Вдали съ кургана видѣнъ большой красивый городъ. Днемъ онъ блеститъ на солнцѣ золотыми головами церквей, а ночью горитъ красными огнями, словно тысячью пламенныхъ глазъ. И кажется, что многоглавый исполинскій звѣрь днемъ и ночью смотритъ на приволжскія села, внушаетъ имъ что-то и властно притягиваетъ къ себѣ своимъ огнемъ и блескомъ, какъ бы простирая къ нимъ длинныя, лучистыя нити, по которымъ льется токъ его жизни, отзываются удары его сердца. Онъ не только вытягиваетъ изъ этихъ селъ жизненныя силы, но и самъ даетъ имъ въ обмѣнъ что-то горькое и острое, блестящее и опасное, то, что мучитъ, но зажигаетъ, что становится огненнымъ оружіемъ противъ него же. Можно подумать, что въ дымящихся зданіяхъ каменноломенъ, мельницъ и кузницъ, разбросанныхъ по берегу у подножія горъ, зданіяхъ, гдѣ мучатся порабощенныя села и деревни, сотни мускулистыхъ рукъ уже куютъ богатырскій мечъ освобожденія. А кругомъ по обоимъ берегамъ громадной рѣки день и ночь горятъ заповѣдные, вѣковые лѣса. Облака сѣраго дыма вмѣстѣ съ запахомъ гари, разрѣжаясь, плывутъ надъ горами отъ горизонта къ Волгѣ и надъ нею стоитъ сѣрый дымный туманъ.
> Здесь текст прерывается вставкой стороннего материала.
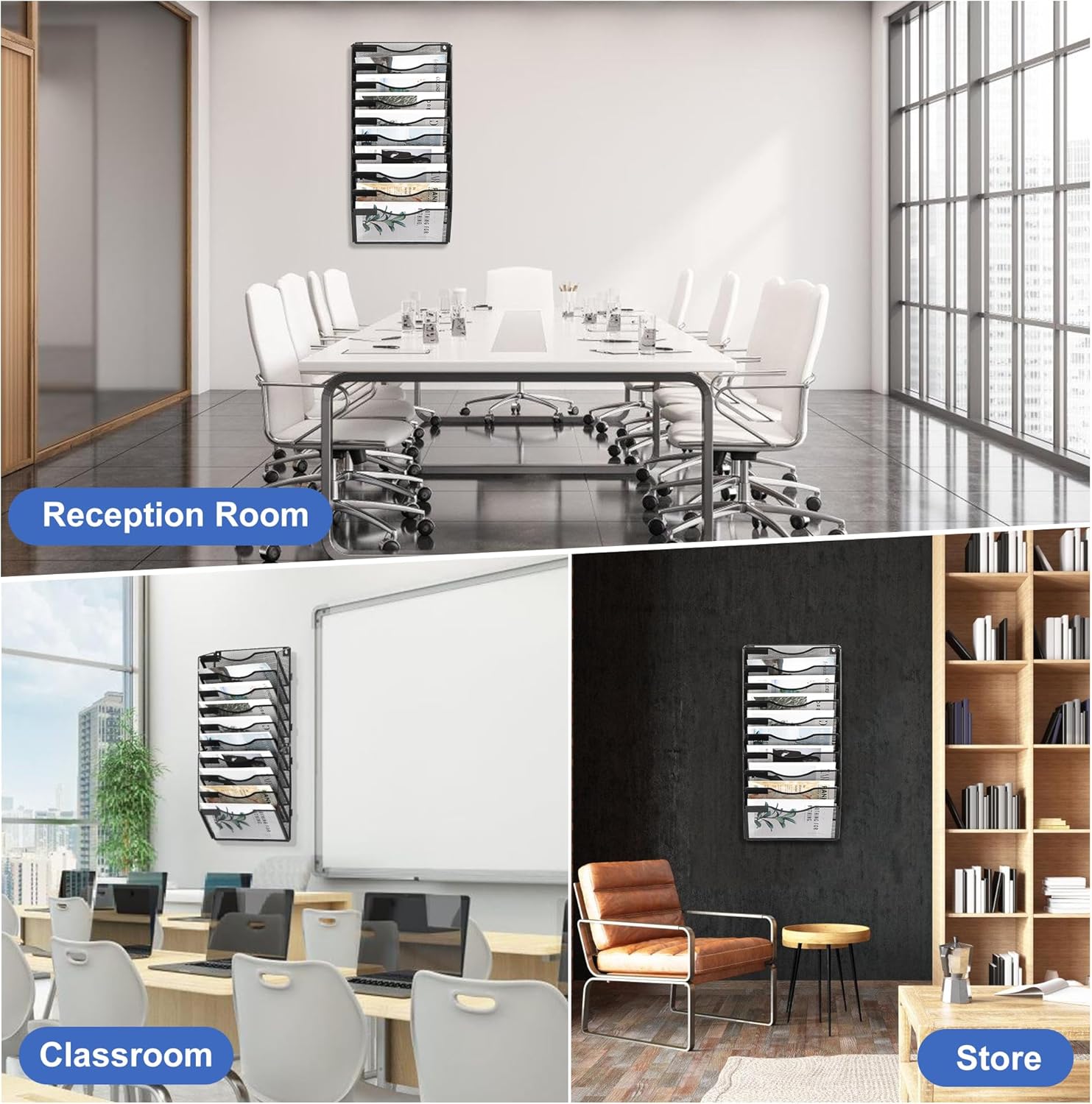 - Space Saving: 10 tier metal wall file organizer comes with mounting screws that can be easily mounted on the wall. Use your home or office space more efficiently by keeping your files organized and off the desk and workspace.

Ночью по всему небосклону, то за лѣсистыми горами, то въ далекой степи, пылаетъ гигантское зарево, освѣщающее кровавымъ свѣтомъ высокое ночное небо. Едва потушатъ пожаръ въ одномъ мѣстѣ, какъ огонь появляется въ другомъ. Но крестьяне какъ бы не замѣчаютъ лѣсного пожара: даже между собою не любятъ говорить о немъ. Лица ихъ серьезны, уклончивая рѣчь коротка и осторожна. Молчатъ крестьяне.

Горитъ огромное богатство, дивная красота, первобытный уголъ міра. Быть можетъ, скоро пламя охватитъ милыя кудрявыя горы, обойметъ каждую стройную сосенку и запылаетъ вся страна.

Тревожнымъ настроеніемъ затишья передъ грозой охвачено все кругомъ: и горы, и Волга, и старый печальный курганъ.

Тревожнѣе блеститъ вдали каменный городъ, окутанный облакомъ дыма и пыли, напряженнѣе смотритъ онъ въ темную весеннюю ночь своими кровавыми глазами на тихія приволжскія села, озадаченный тѣмъ, что со всѣхъ сторонъ приближается пламя.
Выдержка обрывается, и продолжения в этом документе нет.